In England the common-law requisites of a guarantee are the same as any other contract. The mutual assent of two or more parties, competency to contract and valuable consideration. An offer to guarantee must be accepted, either by express or implied acceptance.

If a surety's assent to a guarantee has been procured by fraud by the person to whom it is given, there is no binding contract. Fraud may consist of suppression, concealment or misrepresentation. However, only facts that are really material to the risk undertaken need be spontaneously disclosed. The competency of the parties to enter into a contract of guarantee may be affected by insanity or intoxication of the surety, if known to the creditor, or by any disability. The ordinary disabilities are those of minors.

In some guarantees the consideration is "entire". For example, in consideration for a lease being granted, the surety becomes answerable for the performance of the covenants of the lease. In other cases it is "fragmentary" or supplied from time to time, as where a guarantee is given to secure the balance of a running account at a bank, for goods supplied When the consideration is "entire", the guarantee runs on through the duration of the lease and is irrevocable. When the consideration is "fragmentary", unless the guarantee stipulates to the contrary, the surety may at any time terminate his liability under the guarantee.

Total failure of consideration or illegal consideration by the party giving a guarantee will prevent its being enforced. Though in all countries the mutual assent of two or more parties is essential to the formation of any contract, a consideration is not everywhere regarded as a necessary element. Thus in Scotland a contract may be binding without a consideration to support it.

==Cross guarantees==
Cross guarantees are created where two or more related businesses or individuals agree to guarantee each others' liabilities and obligations. Cross guarantees enable businesses within a corporate group to support each other with raising finance, reducing risk to lenders, or to win contracts based on a stronger financial position.

==Liability==

The liability incurred by a surety under his guarantee depends upon its terms, and is not necessarily coextensive with that of the principal debtor. It is, however, obvious that the surety's obligation cannot exceed that of the principal. By many existing civil codes, however, a guarantee which imposes on the surety a greater liability than that of the principal is not invalidated but is merely reducible to that of the principal. However, in India the liability of the surety is, unless otherwise provided by contract, coextensive with that of the principal.
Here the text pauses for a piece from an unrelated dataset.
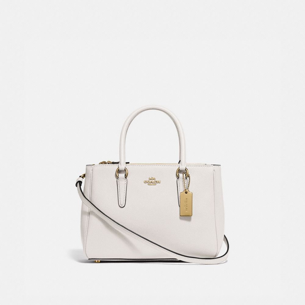 | Crossgrain leather| Inside multifunction pockets| Snap closure, fabric lining| Side zip compartments| Handles with 4" drop| Detachable strap with 23" drop for shoulder or crossbody wear| 9 1/4" (L) x 6 3/4" (H) x 4 1/4" (W)

Where the liability of the surety is less extensive in amount than that of the principal debtor, questions have arisen in England and America as to whether the surety is liable only for part of the debt equal to the limit of his liability, or, up to such limit, for the whole debt. The surety cannot be made liable except for a loss sustained by reason of the default guaranteed against. Moreover, in the case of a joint and several guarantee by several sureties, unless all sign it none are liable thereunder. The limit of the surety's liability must be construed so as to give effect to what may fairly be inferred to have been the intention of the parties as expressed in writing. In cases of doubtful import, recourse to parol evidence is permissible, to explain, but not to contradict, the written evidence of the guarantee.

As a general rule, the surety is not liable if the principal debt cannot be enforced. It has never been actually decided in England whether this rule holds good in cases where the principal debtor is a minor and on that account is not liable to the creditor. When directors guarantee the performance by their company of a contract which is beyond their authority, and therefore not binding on the company, the directors' liability is enforceable against them personally.

===Termination of liability===
It is not always easy to determine for how long liability under a guarantee endures. Sometimes a guarantee is limited to a single transaction, and is obviously intended to be security against one specific default only. On the other hand, it as often happens that it is not exhausted by one transaction on the faith of it, but extends to a series of transactions, and remains a standing security until it is revoked, either by the act of the parties or by the death of the surety. It is then termed a continuing guarantee.

No fixed rules of interpretation determine whether a guarantee is a continuing one or not, but each case must be judged on its individual merits. Frequently, in order to achieve a correct construction, it becomes necessary to examine the surrounding circumstances, which often reveal what was the subject matter which the parties contemplated when the guarantee was given, and what was the scope and object of the transaction between them. Most continuing guarantees are either ordinary business securities for advances made or goods supplied to the principal debtor or else bonds for the good behavior of persons in public or private offices or employment. With regard to the latter class of continuing guarantees, the surety's liability is, generally speaking, revoked by any change in the constitution of the persons to or for whom the guarantee is given. In England the Commissioners of His Majesty's Treasury may vary the character of any security, given for good behavior by the heads of public departments given by companies for the due performance of the duties of an office or employment in the public service.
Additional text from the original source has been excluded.